Innym plusem takiej praktyki jest to, że frazy te są zwykle dość długie (keywordy typu „long tail”), co może się łączyć z mniejszą konkurencją niż w przypadku krótkich, oklepanych keywordów. Kolejny sposób na eksplorację słów kluczowych to zerknięcie na inne kanały z podobnej kategorii lub niszy i sprawdzenie tytułów oraz tagów filmów cieszących się największym powodzeniem.
Warto również mieć na uwadze klucz, według którego Google ocenia treści wideo — najwyżej uplasowane filmy zazwyczaj mają w tytule m.in.:
- słowa kluczowe z poradami how to („jak zrobić ciasto na pizzę”),
- recenzje,
- samouczki („Jak skonfigurować wtyczkę do WordPressa”),
- materiały związane z fitnessem lub sportem („10-minutowy trening”),
- śmieszne filmy („Filmiki z kotami”).
W tym obszarze mamy do czynienia z dobrze znaną złotą zasadą, czyli najważniejsze informacje na początek. Pole opisu wideo ma dosyć wysoki limit znaków, jednak domyślnie wyświetlane są zwykle 2-3 linijki tekstu. W opisie warto uwzględnić istotne słowa kluczowe, ale podobnie jak w przypadku tytułu — ważne, by robić to naturalnie i bez nachalności. Ponadto najnowsze badania wskazują na to, że nie ma bezpośredniego związku pomiędzy pozycją w rankingu a użyciem keywordów w opisie wideo. Warto więc podejść do tego z pewną rezerwą.

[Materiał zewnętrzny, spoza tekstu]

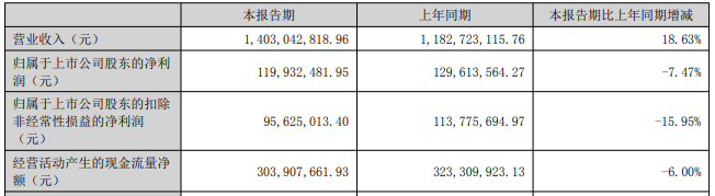 2025年上半年,星宸科技营业收入为14.03亿元,同比增长18.63%;归属于上市公司股东的净利润为1.20亿元,同比下降7.47%;归属于上市公司股东的扣除非经常性损益的净利润为0.96亿元,同比下降15.95%。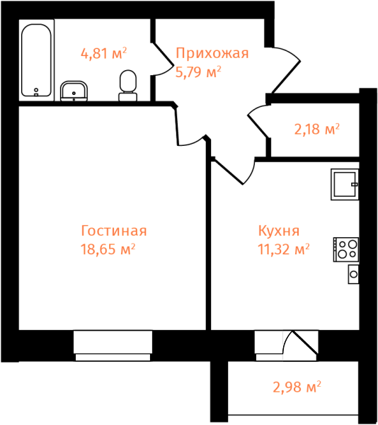 Новая 1-комнатная квартира в ЖК Норские резиденции на 5 этаже площадью 44.24 м² в 2 подъезде номер 42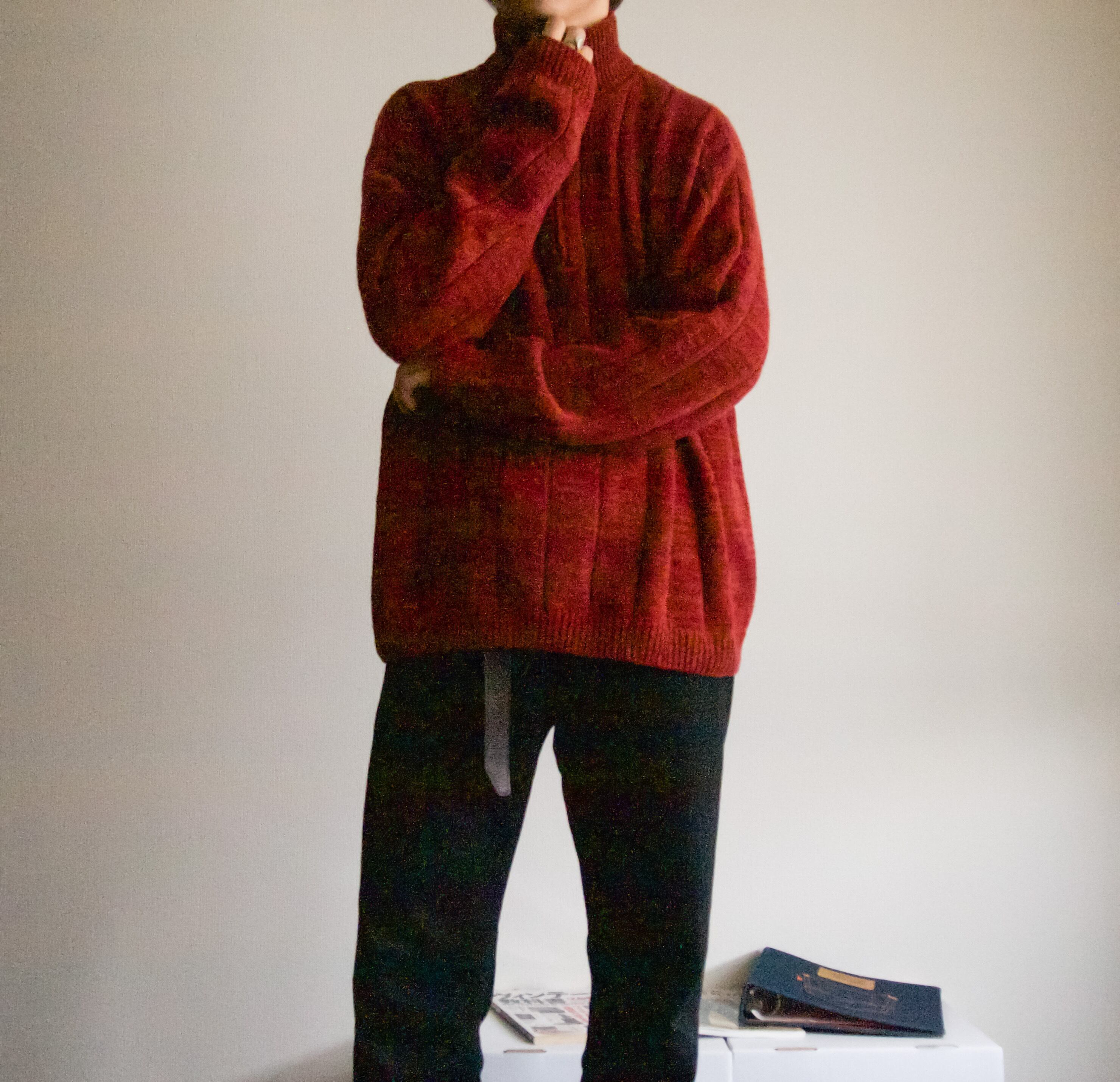 ハーフジップのセーターは殆どがコットンかウールですが珍しいシルクが混ざった一着。

To już ostatni punkt związany z keywordami. Warto oznaczyć film odpowiednimi tagami, by pomóc wyszukiwarce zrozumieć, o czym jest dane wideo i jak ma je powiązać z podobnymi treściami (co może znacząco zwiększyć zasięg materiału). Tutaj ponownie — ma być naturalnie i adekwatnie, upychanie słów kluczowych na siłę może przynieść opłakane skutki.
Tagi nie tylko mogą wspomóc film w rankingu danego słowa kluczowego, ale także sprawiają, że materiał wyświetla się częściej jako powiązane wideo w bocznym pasku YouTube.
Oprócz tagów możemy też korzystać z hashtagów, które wyświetlają się tuż nad tytułem filmu, co jest dość dobrze widocznym miejscem. Można w nich umieścić adekwatne do materiału słowa kluczowe, by ułatwić namierzenie filmu przez odbiorcę.
Wybór kategorii to zazwyczaj skuteczny sposób na powiązanie filmu z podobnymi treściami w YouTube, dzięki czemu może trafić na rozmaite playlisty i wygenerować znacznie większy zasięg.
Karty pojawiają się podczas wyświetlania wideo i są pewnego rodzaju powiadomieniem — mogą zawierać prośbę o subskrybowanie kanału, przekierowanie do innego filmu lub jakieś istotne informacje. Do filmu można dodać maksymalnie pięć kart i naprawdę warto to wykorzystać — jest to dodatkowa przestrzeń do zagospodarowania. Można to porównać do umieszczania w tekście linków do innych podstron lub zewnętrznych serwisów. Zwiększamy wtedy szansę, że użytkownik sprawdzi pozostałe publikowane przez nas materiały – zwłaszcza jeśli połączymy to z odpowiednim CTA.
Warto grupować materiały w odpowiednie playlisty tematyczne oscylujące wokół konkretnych słów kluczowych. Jest spora szansa, że dzięki temu widzowie będą przeklikiwać się z filmu na film, zwiększając liczbę wyświetleń i pozytywnie wpływając na pozycję kanału w oczach YouTube.
Taki przypięty komentarz twórcy może zebrać sporo reakcji i zaangażowania — szczególnie gdy kanał posiada już nieco większą widownię. Warto w nim zamieścić intrygujące hasło lub nawiązać interakcję z odbiorcami — powinien on przykuwać uwagę i angażować do podjęcia dalszych działań.
Być może YouTube SEO nie jest dla wszystkich, być może nie musi to być priorytet dla każdej firmy (prawdopodobnie nie musi). Warto jednak pamiętać o tym, w jakim tempie treści wideo zyskują na popularności i jak wielką moc marketingową za sobą niosą. YouTube jest też doskonałą platformą do budowania więzi z odbiorcami, co może być kluczem do sukcesu dla wielu brandów.